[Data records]
########

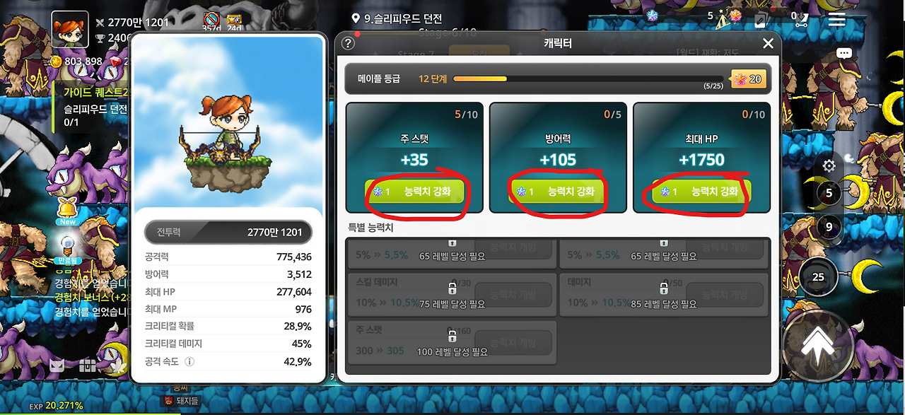레벨업을 했다면 캐릭터 스탯을 찍어줍니다.
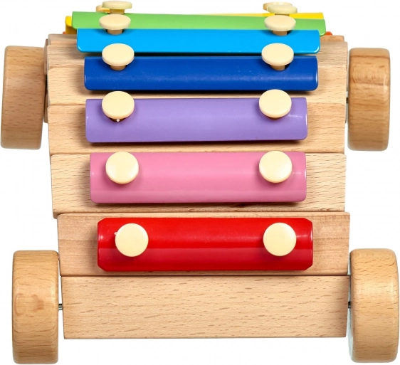 Koka šasija ar riteņiem ļauj ksilofonu vilkt vai stumt, padarot muzicēšanas apguvi vēl aizraujošāku.
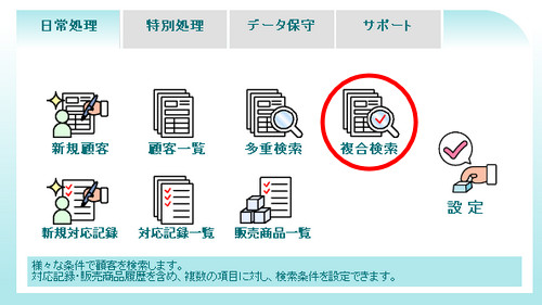 | (1) | メインメニューの[複合検索]アイコンをクリックして「複合検索」画面を開きます。 |
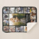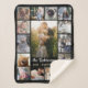 Snuggle up with your family or wedding memories with this beautiful photo collage sherpa blanket. This design includes one large central vertical photo, along with 2 smaller vertical photos and 12 square Instagram-style pictures. Add your name in very light grey. The words "Love - Happiness" can also be changed or left as-is (they are currently in light yellow). The simple templates make it easy to personalise. Choose your own blanket size. "Customise further" to make more detailed changes.
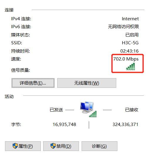 先看本机电脑无线网口或者有线网卡协商速率多少
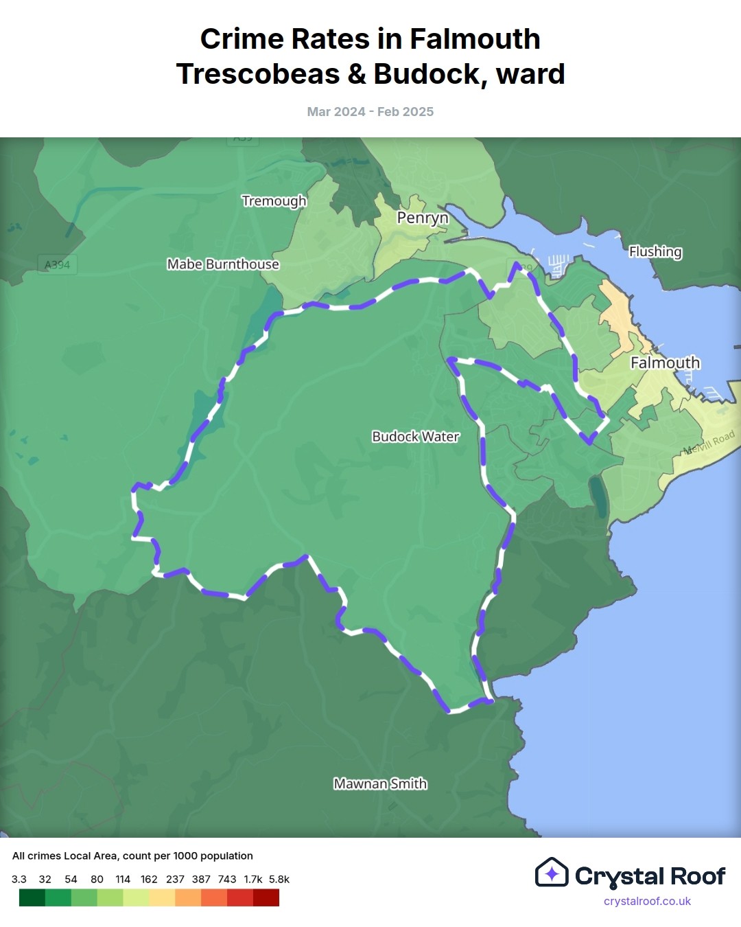 Falmouth Trescobeas & Budock, (ward) includes areas with the following crime ratings (see map):

########

* DIRECTIONS *
Out of the records above, please copy exactly the lines from the line with "Koka šasija ar" up to and including the line with "先看本机电脑无线网口或者有线网卡协商速率多少", minus the pictures.

* PROBLEM SOLUTION *
 Koka šasija ar riteņiem ļauj ksilofonu vilkt vai stumt, padarot muzicēšanas apguvi vēl aizraujošāku.
 | (1) | メインメニューの[複合検索]アイコンをクリックして「複合検索」画面を開きます。 |
 Snuggle up with your family or wedding memories with this beautiful photo collage sherpa blanket. This design includes one large central vertical photo, along with 2 smaller vertical photos and 12 square Instagram-style pictures. Add your name in very light grey. The words "Love - Happiness" can also be changed or left as-is (they are currently in light yellow). The simple templates make it easy to personalise. Choose your own blanket size. "Customise further" to make more detailed changes.
 先看本机电脑无线网口或者有线网卡协商速率多少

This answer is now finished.